In 1971, the Nixon Administration sought to suppress publication of the Pentagon Papers, a top-secret history prepared by the United States Department of Defense documenting American political and military involvement in Vietnam from 1945 to 1967, citing claims that publication of the classified material could cause irreparable injury to the national interest. On this basis court injunctions were issued to prevent publication of the material in these documents by The New York Times and The Washington Post.

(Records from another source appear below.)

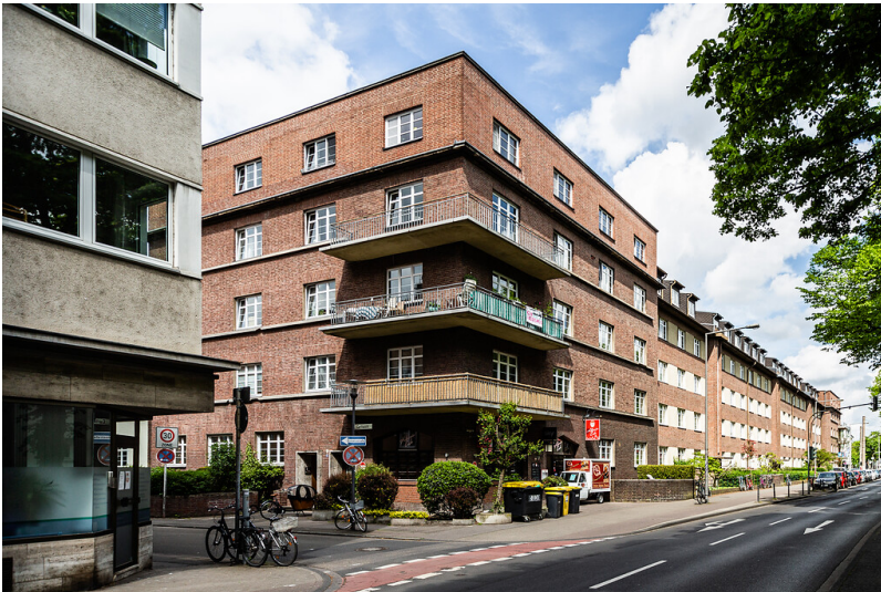
Hausecke des Wohnblocks "Zülpicher Hof" in Köln-Sülz (2021)
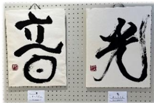
▲躍動感ある筆はこび

毎年2月に作品展を開催しており、今年もコミュニティセンターで『ひだまりの小さな書作展』が開催されました。“ひだまり”という愛称には、多くの人に見てもらえる喜びと、同じ障がいのある方々に、障がい児者芸術クラブの存在を知ってもらい、明るい希望を届けたいという願いが込められています。開催中、多くの来場者が訪れ、感性あふれる書や絵に見入っていました。
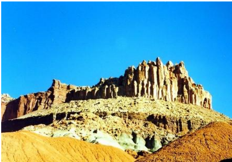
Die beiden Wahrzeichen des Capitol Reef NP: The Castle (oben)

Der wenig besuchte Capitol Reef National Park, in dem besonders schöne Wanderungen unternommen werden können, präsentiert sich mit abwechslungsreichen geologischen Formationen. Nicht nur hohe, bizarr geformte rote Felswände, sondern auch große abgerundete Steinklippen aus hellem Sandstein prägen die Landschaft.
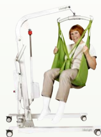
LikoLight™ Charge max. : 140 kg
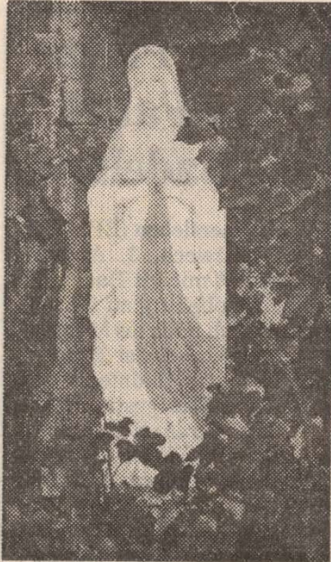
Die Madonnenfigur aus Gips.
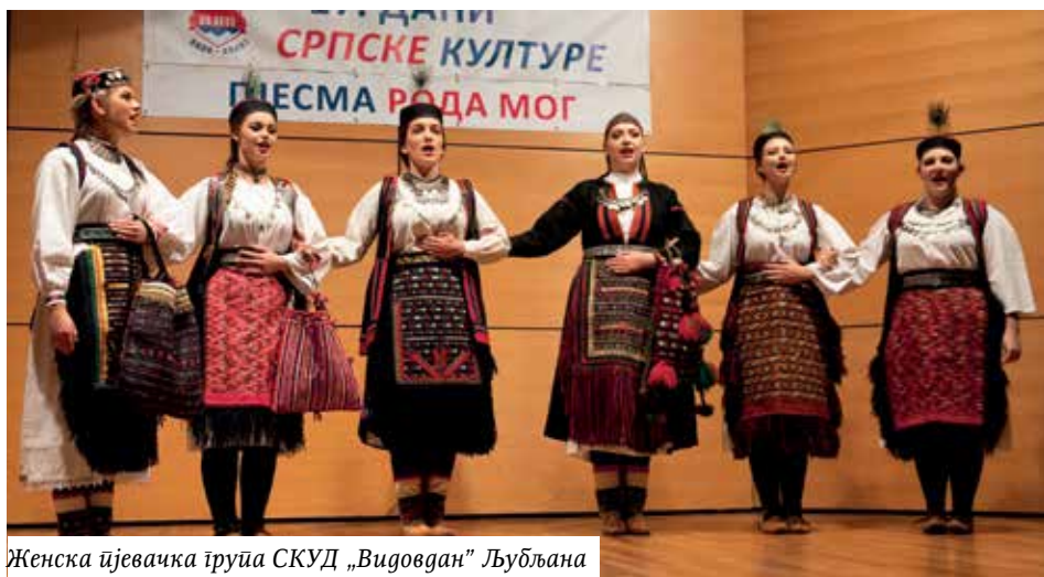
Женска пјевачка група СКУД „Видовдан“ Љубљана
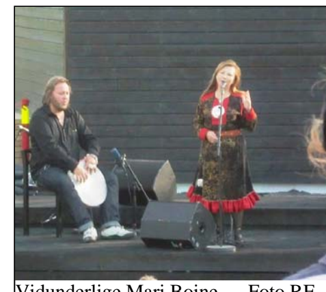
Vidunderlige Mari Boine
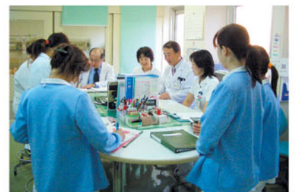
病棟カンファレンス

これから平成18年度の総仕上げに、又、来る年が希望に満ちた元気な明るい年になりますよう頑張りたいと思います。
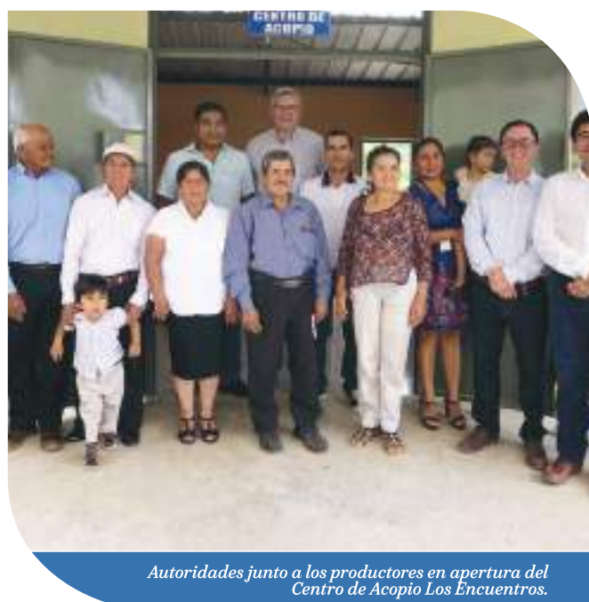
Autoridades junto a los productores en apertura del Centro de Acopio Los Encuentros.

La cadena de producción de Ecolac beneficia a alrededor de 150 ganaderos de la provincia de Zamora Chinchipe. Nueve de ellos son productores de la parroquia Los Encuentros y se espera que este número incremente en el mediano plazo.
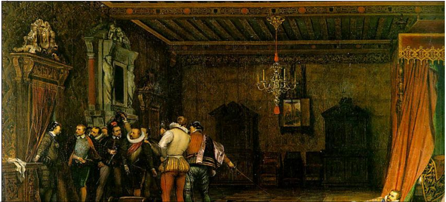
Религиозные войны во Франции
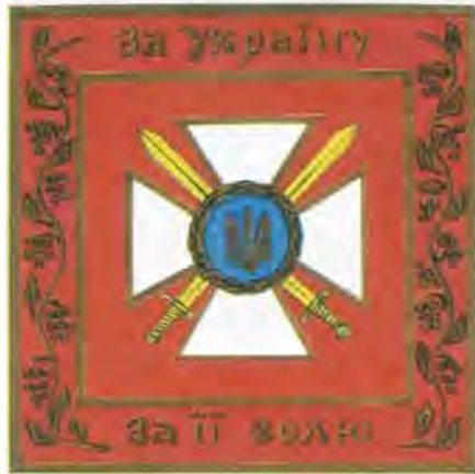
Бойовий прапор військової частини. Автор О.Кохан. Варіант доопрацьований ЦМ ЗСУ

рони України об'єднанням і вищим за рангом частинам, а також ротам Почесної варті.
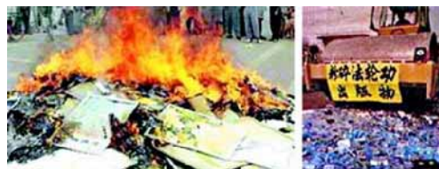
迫害伊始中共大量销毁法轮功书籍

看遍法轮功的书籍和录像，没有一句“不准学员吃药”的话。法轮功创始人李洪志先生只是讲了吃药与修炼的关系。李洪志先生在讲法录像中提到，法轮功学员不可以用气功去给别人治病。（可参见《转法轮》249页“法轮大法的真修弟子谁也不能给人治病”）
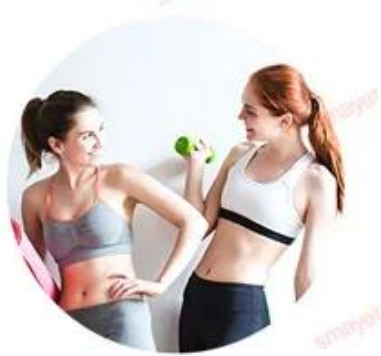
ALEX 755nm For white skin (fine, golden hair removal )
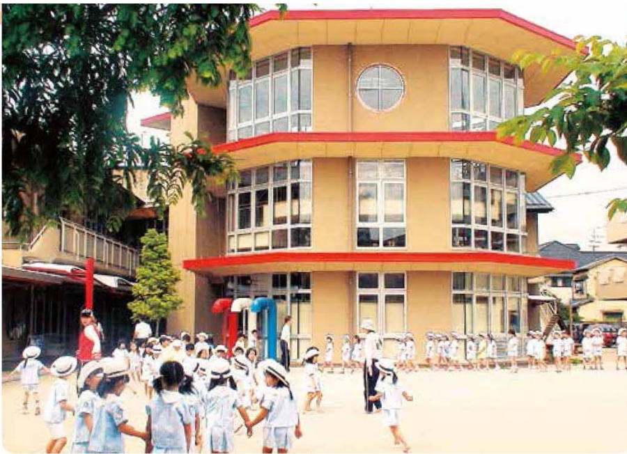
～くつろげる空間 なぞの秘密基地～世界のおもちゃがあつまった不思議を発見する科学のタワー
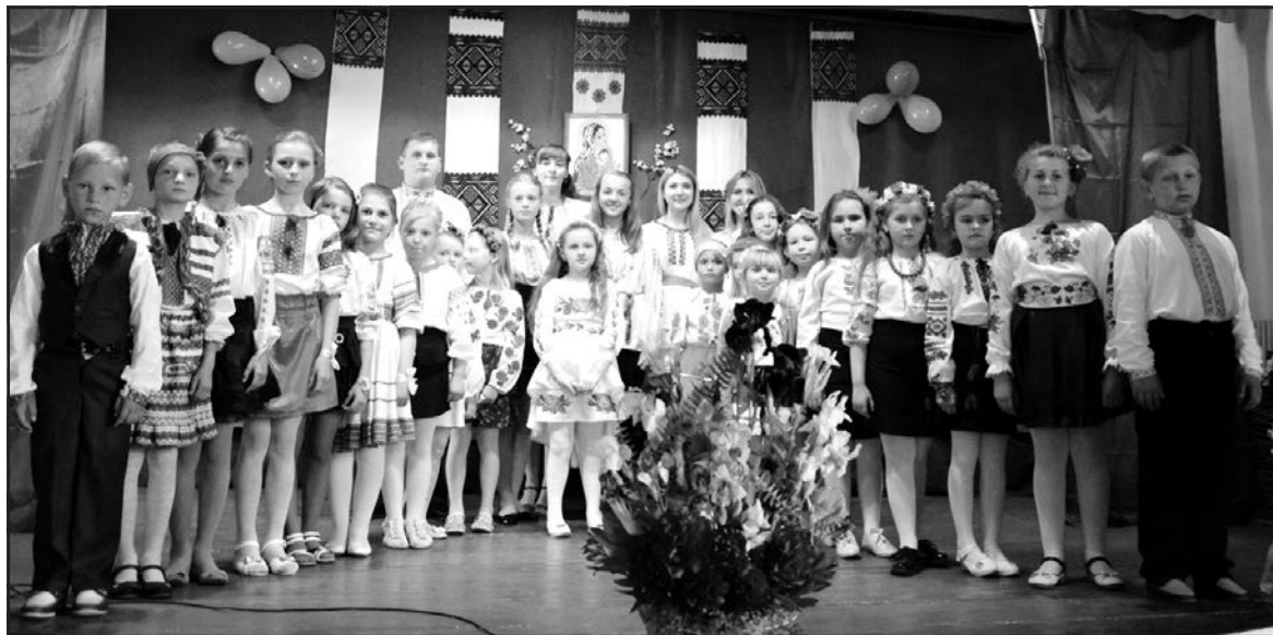
На сцені клубу села Дичків учасники святкового концерту "Довіку матінку шануйте — свій найсвятіший оберіг".
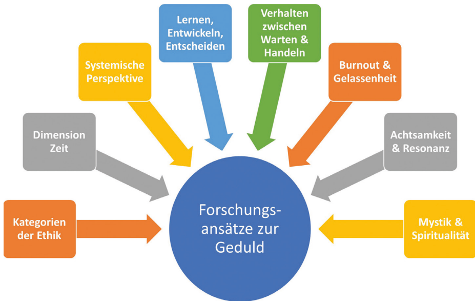
Abbildung 4: Forschungsansätze zur Geduld, eigene Darstellung (Siebert-Blaesing 2020c)
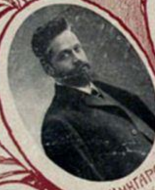
А. М. ШИНГАРЕВЪ, министръ земледѣлія.

Together with Alexander M. Bickel who was serving as chief counsel for The Times, Glendon appeared before the Supreme Court of the United States in New York Times Co. v. United States to argue that the government should not be allowed to exercise prior restraint to prevent publication. Glendon argued in a response to Justice Byron R. White that "when you bring a case you are supposed to prove it, and when you come in claiming irreparable injury, particularly in this area of the First Amendment, you have a very, very heavy burden." The court, by a 6-to-3 majority, agreed.

In the 1977 securities fraud case Santa Fe Industries Inc. v. Green, Glendon successfully argued that a party challenging a securities transaction permitted under state law must prove fraudulent deception and not just a breach of fiduciary responsibility.

Glendon was elected as mayor of Scarsdale, New York in 1985. After a group of residents objected to a Nativity scene that had been displayed on municipal property by a private group as a violation of the Establishment Clause of the First Amendment, the village trustees voted to prohibit its display. Glendon personally supported the crèche, but acting as the village's attorney he argued on behalf of the ban in a series of court cases. In 1985, the Supreme Court voted 4 to 4 with a ninth judge absent, keeping intact the reversal of the decision by the United States Court of Appeals which ruled that the village's ban amounted to an unconstitutional infringement on "religious speech", and allowing the crèche to be displayed after a five-year gap.

==Personal life==
A resident of Scarsdale and Fishers Island, Glendon died at age 89 on December 25, 2008, in White Plains, New York.